La capacità di comunicare e di emozionare è importantissima. Dobbiamo sempre metterci nei panni dell’ascoltatore. Quando pago un biglietto per andare a teatro voglio emozionarmi e voglio uscire arricchito: interiormente, nello spirito, oppure cognitivamente, perché ho imparato qualcosa di nuovo. Come musicisti abbiamo la responsabilità di comunicare ed emozionare. Abbiamo in mano un’arma potentissima, una bomba atomica: la musica. E dobbiamo farne buon uso.
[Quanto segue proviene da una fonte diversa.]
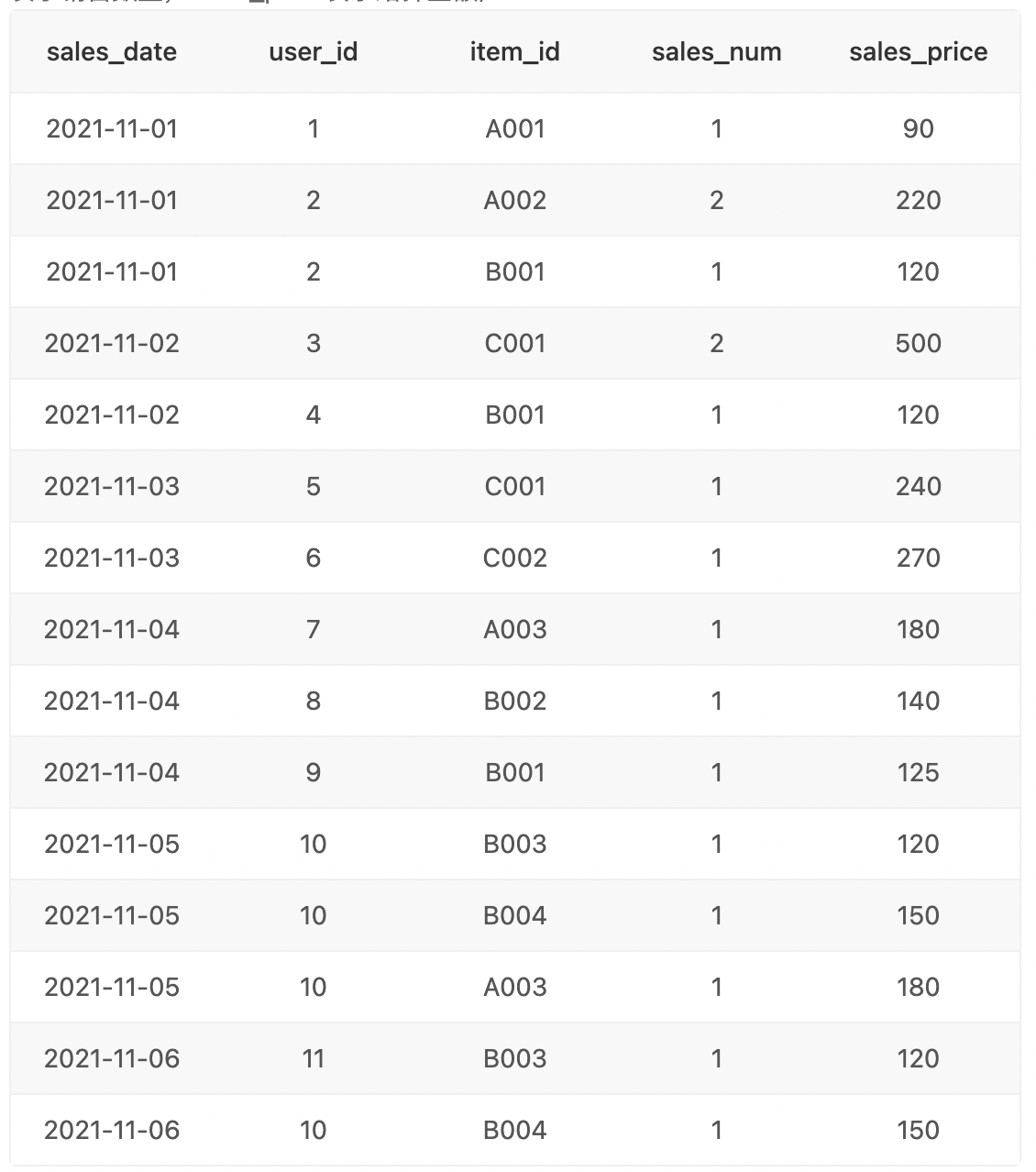 - 使用窗口函数进行排名编号时,对于10号用户,我们想得到给所有的2021-11-05并列排名为1,2021-11-06排名为2,而不是4,所以要用dense_rank而不是rank或row_number。

Un’ultima domanda. Ci sono idee per collaborare di nuovo nei prossimi mesi?
Il giorno dopo il concerto, ero in aeroporto e ho mandato un messaggino a Riccardo per condividere alcune riflessioni sulconcerto. Riccardo mi ha chiamato e abbiamo fatto una lunga chiacchierata, di un paio d’ore. In quella conversazione mi ha detto che gli piacerebbe che tornassi a lavorare con voi. Io ho risposto: “Con grandissimo piacere”. Primo, per l’affetto e la stima che ho per Riccardo; secondo, per l’affetto e la stima che ho per l’orchestra.
È stato bello: un clima rilassato, mi sono davvero divertito. È vero che il primo giorno quelle cinque ore ci hanno stremato, perché venivamo tutti da un viaggio, abbiamo finito tardi, eravamo stanchi. Era la prima volta che ci incontravamo, quindi c’era un po’ di imbarazzo musicale, che però si è sciolto subito. C’è stata una chimica bellissima, e non è una cosa semplice né automatica. E non è merito mio o vostro: è chimica.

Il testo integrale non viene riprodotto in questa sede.